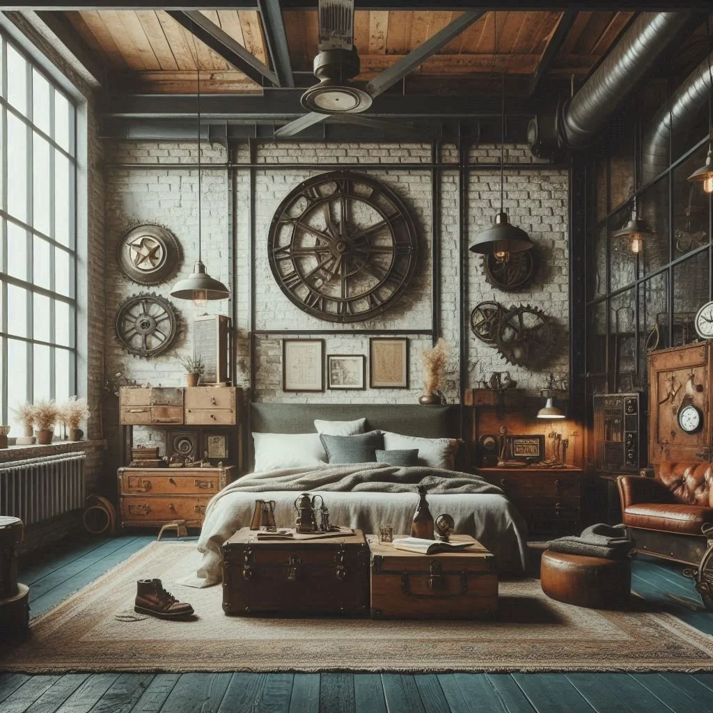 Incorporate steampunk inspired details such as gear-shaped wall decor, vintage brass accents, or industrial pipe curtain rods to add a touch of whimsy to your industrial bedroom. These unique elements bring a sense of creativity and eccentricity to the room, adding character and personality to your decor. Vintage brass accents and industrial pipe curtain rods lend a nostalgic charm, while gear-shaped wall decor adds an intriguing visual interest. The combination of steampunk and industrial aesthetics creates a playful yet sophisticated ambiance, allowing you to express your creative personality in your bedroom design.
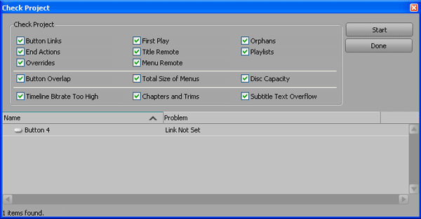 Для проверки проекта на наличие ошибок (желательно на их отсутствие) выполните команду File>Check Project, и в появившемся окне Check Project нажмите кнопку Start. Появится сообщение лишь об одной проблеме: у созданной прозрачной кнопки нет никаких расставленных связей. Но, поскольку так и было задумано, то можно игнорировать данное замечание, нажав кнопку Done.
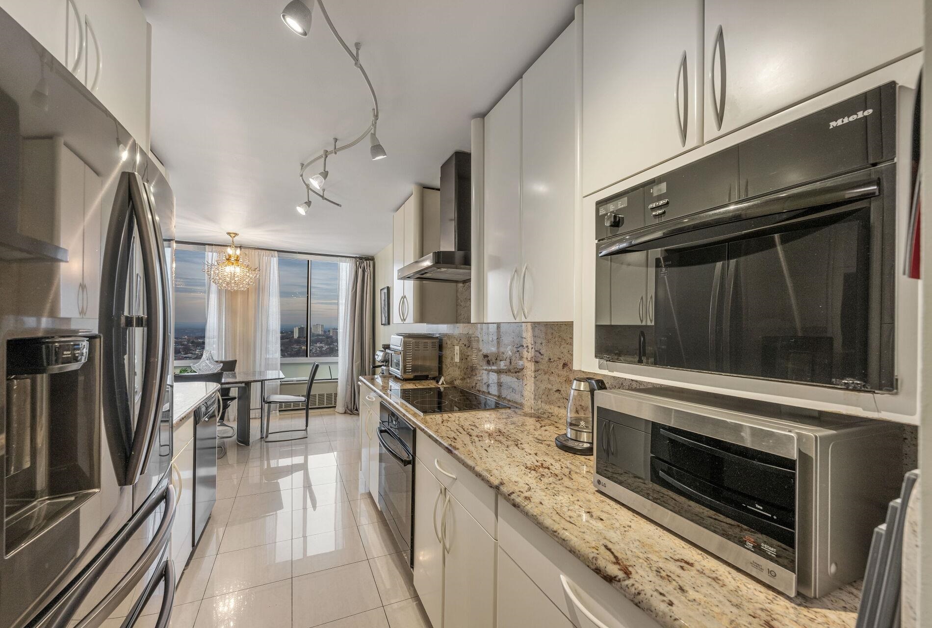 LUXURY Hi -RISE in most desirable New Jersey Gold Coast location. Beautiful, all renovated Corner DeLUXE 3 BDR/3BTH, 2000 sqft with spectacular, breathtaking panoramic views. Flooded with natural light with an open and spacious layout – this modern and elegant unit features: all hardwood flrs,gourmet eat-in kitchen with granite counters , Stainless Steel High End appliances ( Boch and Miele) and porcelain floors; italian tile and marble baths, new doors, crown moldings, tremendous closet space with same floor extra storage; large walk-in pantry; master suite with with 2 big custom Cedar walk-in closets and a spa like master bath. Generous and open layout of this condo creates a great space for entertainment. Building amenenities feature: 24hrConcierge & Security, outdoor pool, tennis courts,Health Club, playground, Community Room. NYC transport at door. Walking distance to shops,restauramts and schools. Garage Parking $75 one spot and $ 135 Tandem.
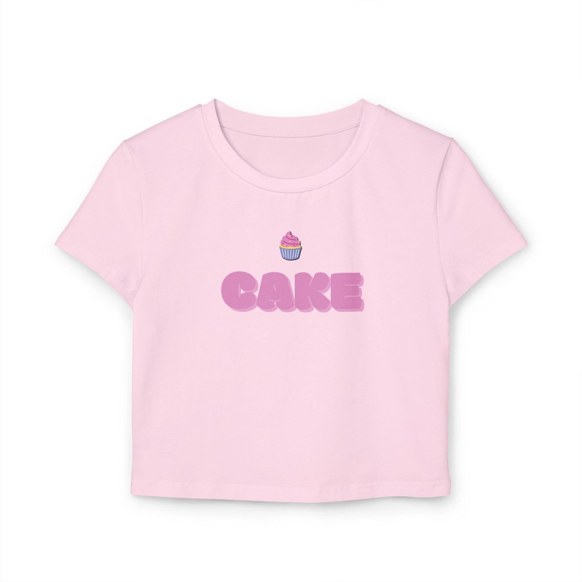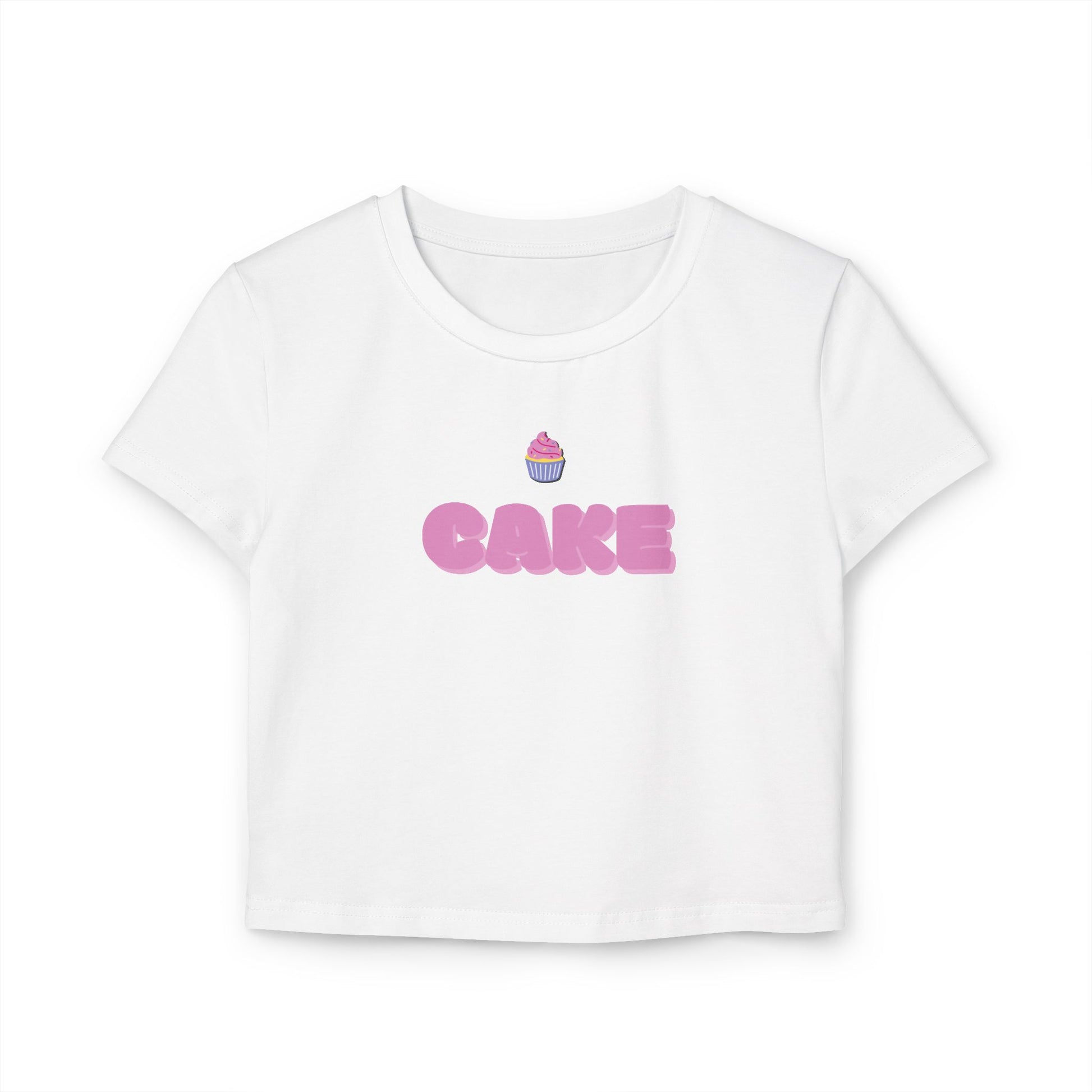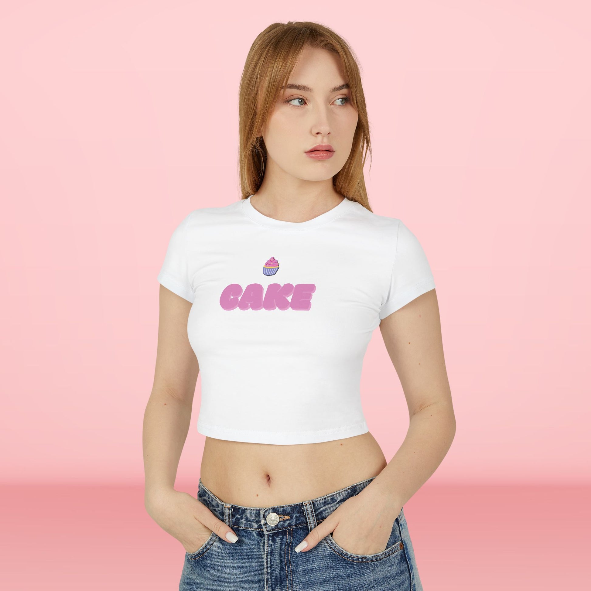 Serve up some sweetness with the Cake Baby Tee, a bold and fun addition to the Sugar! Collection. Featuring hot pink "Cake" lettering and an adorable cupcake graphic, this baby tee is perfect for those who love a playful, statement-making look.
++++++++++++++++++++
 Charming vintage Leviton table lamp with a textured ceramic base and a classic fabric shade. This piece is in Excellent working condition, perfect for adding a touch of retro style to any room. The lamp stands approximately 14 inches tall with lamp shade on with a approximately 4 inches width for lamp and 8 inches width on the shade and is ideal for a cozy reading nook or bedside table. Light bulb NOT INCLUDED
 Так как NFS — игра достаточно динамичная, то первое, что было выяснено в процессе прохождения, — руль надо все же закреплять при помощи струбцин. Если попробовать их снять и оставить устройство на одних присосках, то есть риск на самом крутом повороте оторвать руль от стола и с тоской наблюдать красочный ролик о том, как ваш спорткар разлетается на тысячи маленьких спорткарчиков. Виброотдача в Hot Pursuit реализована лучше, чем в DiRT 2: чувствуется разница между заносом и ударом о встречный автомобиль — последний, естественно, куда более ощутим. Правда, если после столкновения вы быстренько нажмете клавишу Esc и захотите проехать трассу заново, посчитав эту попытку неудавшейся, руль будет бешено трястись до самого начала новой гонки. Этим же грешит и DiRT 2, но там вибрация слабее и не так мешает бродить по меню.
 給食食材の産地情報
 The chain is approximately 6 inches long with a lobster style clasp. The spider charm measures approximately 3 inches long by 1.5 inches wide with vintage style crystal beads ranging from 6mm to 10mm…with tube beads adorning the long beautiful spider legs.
++++++++++++++++++++
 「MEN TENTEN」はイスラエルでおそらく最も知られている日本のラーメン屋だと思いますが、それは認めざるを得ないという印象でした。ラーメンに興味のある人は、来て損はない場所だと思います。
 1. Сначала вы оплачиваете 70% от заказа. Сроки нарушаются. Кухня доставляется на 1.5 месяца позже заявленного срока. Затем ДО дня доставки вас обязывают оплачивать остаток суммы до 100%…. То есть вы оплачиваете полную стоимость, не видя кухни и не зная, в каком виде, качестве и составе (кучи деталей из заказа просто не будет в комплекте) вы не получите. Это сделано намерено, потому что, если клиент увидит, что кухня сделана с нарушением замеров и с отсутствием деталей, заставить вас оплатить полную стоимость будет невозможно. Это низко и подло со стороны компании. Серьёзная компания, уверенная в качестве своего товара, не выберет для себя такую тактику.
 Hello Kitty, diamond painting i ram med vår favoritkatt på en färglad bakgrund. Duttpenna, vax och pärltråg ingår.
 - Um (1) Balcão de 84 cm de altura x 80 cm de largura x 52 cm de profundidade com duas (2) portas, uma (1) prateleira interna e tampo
++++++++++++++++++++
* _EXERCISE GOAL_
From the records above, output only the lines starting at the one containing "Incorporate steampunk inspired" and ending at the one containing "Для проверки проекта", word for word. Pictures stay out.

* _TASK RESULT_
 Incorporate steampunk inspired details such as gear-shaped wall decor, vintage brass accents, or industrial pipe curtain rods to add a touch of whimsy to your industrial bedroom. These unique elements bring a sense of creativity and eccentricity to the room, adding character and personality to your decor. Vintage brass accents and industrial pipe curtain rods lend a nostalgic charm, while gear-shaped wall decor adds an intriguing visual interest. The combination of steampunk and industrial aesthetics creates a playful yet sophisticated ambiance, allowing you to express your creative personality in your bedroom design.
 Для проверки проекта на наличие ошибок (желательно на их отсутствие) выполните команду File>Check Project, и в появившемся окне Check Project нажмите кнопку Start. Появится сообщение лишь об одной проблеме: у созданной прозрачной кнопки нет никаких расставленных связей. Но, поскольку так и было задумано, то можно игнорировать данное замечание, нажав кнопку Done.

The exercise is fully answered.